Number 7, these exist today. There must be an arrest and a conviction in court
because police judges do not exist yet and so people are innocent until proven
guilty.

Number 8 exists today and can be court ordered.

The remaining entries would be less that lethal and not non lethal. There's a
very big distinction. Bean bag guns are non lethal when used optimally but
circumstances of a police action dictate that optimal conditions do not exist
in the real world.

The problem with policing isn't the physical tools that they have it's the
mental tools they have. They have a difficult job in difficult circumstances
under constant "arm chair quarterbacking". That does not excuse bad behavior
in any way but we as a society have construed a set of polices to guide
officers in what they are allowed to do and what they are not. These policies
give officers the benefit of the doubt that their actions are always correct
and justified for the circumstances. There's also the police culture of
protecting each other instead of doing what's right.

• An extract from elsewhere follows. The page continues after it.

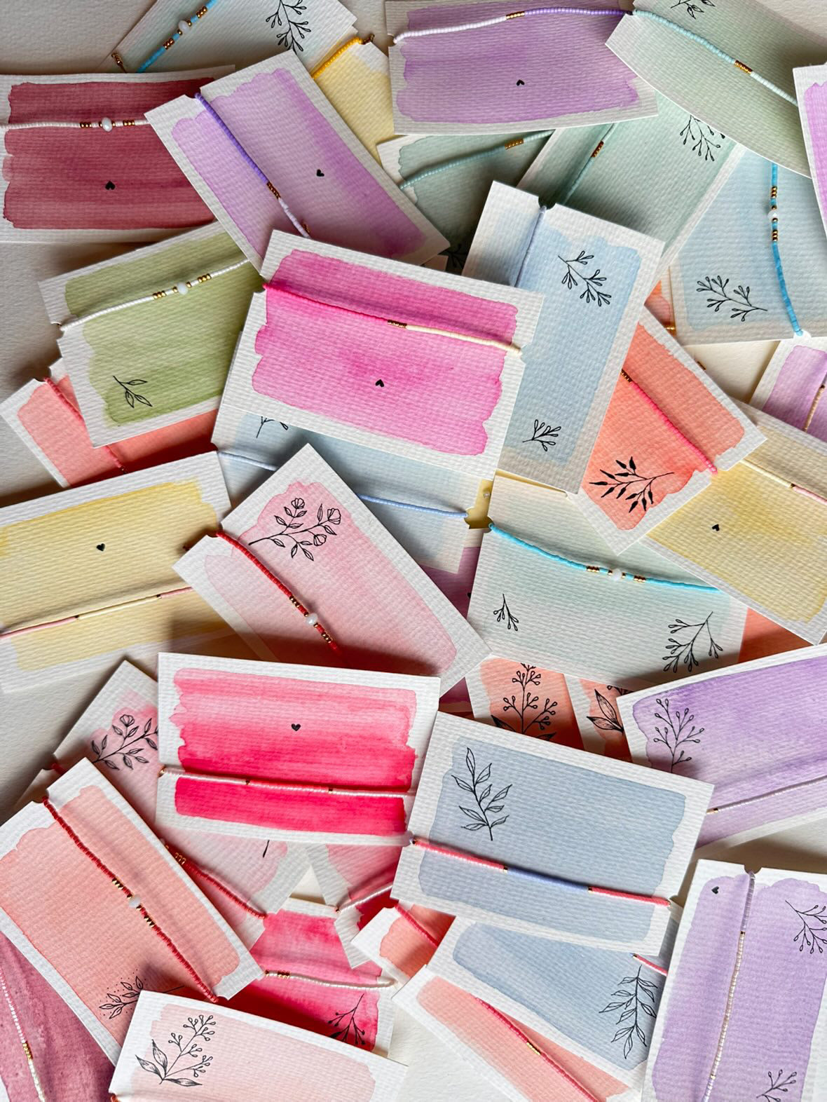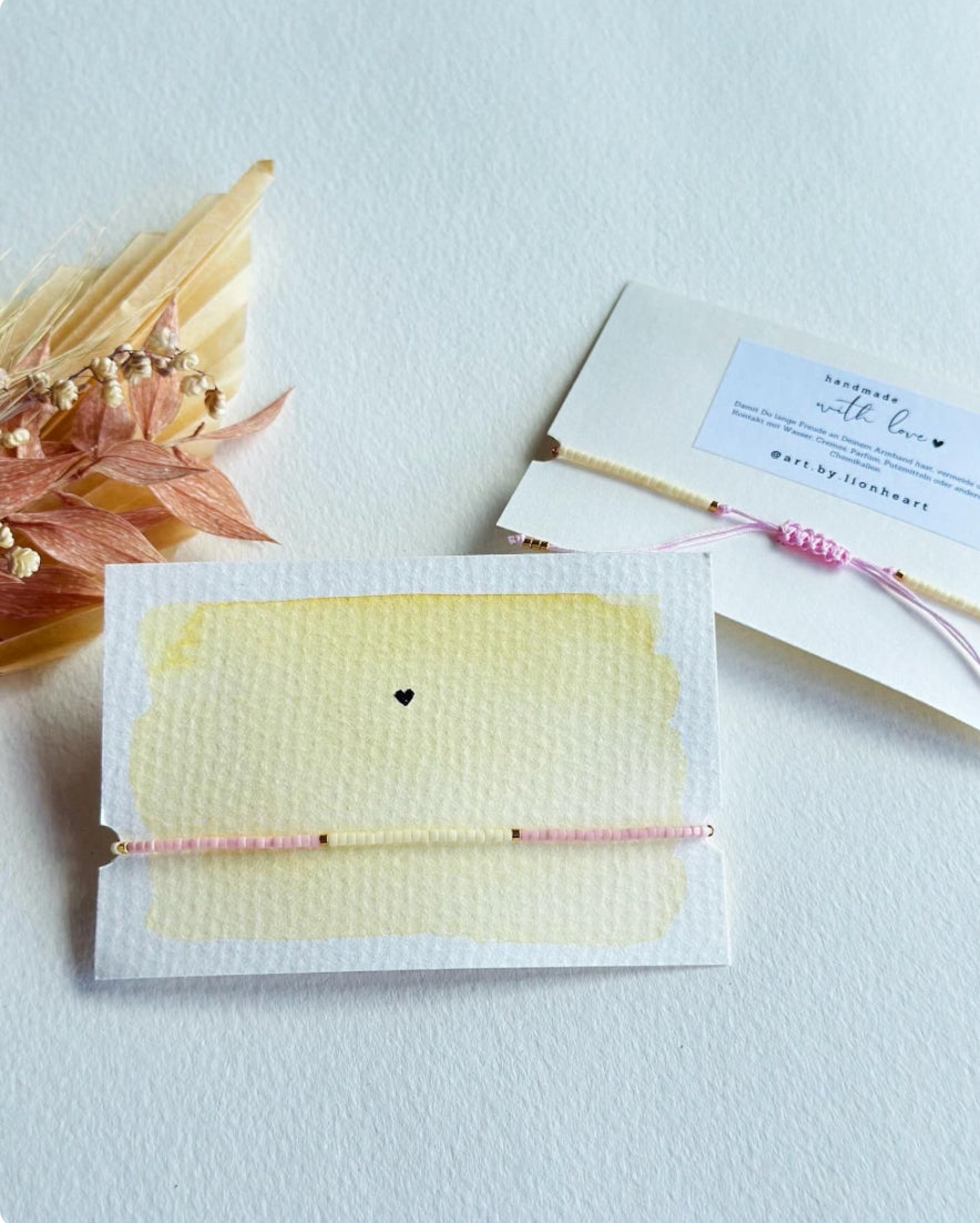 Filigranes Perlen-Armband in pastelligen Farben mit Zug-Verschluss von der wunderbaren Bonner Künstlerin art.by.lioheart. Jedes Papier, um das das Armband gewickelt ist ist mit Liebe & Aquarellfarben selbst gemalt. Sichere dir jetzt dein Einzelstück!

What needs to change is the polices that govern an officers acceptable
actions. This is achieved through of the local city governments who appoint
the chief of police and enact the polices that are followed. The sheriff is an
elected office as well. These are local community changes that can be made
quite quickly if the community desires. Policies need to no longer assume that
the officer is always taking a justified action. De-escalation and non arrest,
if warranted, should be a primary focus instead of the current bully tactics.

Additionally the culture of the police officers must change. Individually they
should evaluate if their actions are correct and the actions they see other
officers perform. The blue gang mindset needs to disappear. If officers
behavior in both their personal and professional life was conducted in an
irreproachable manor much of the us vs them attitude would vanish.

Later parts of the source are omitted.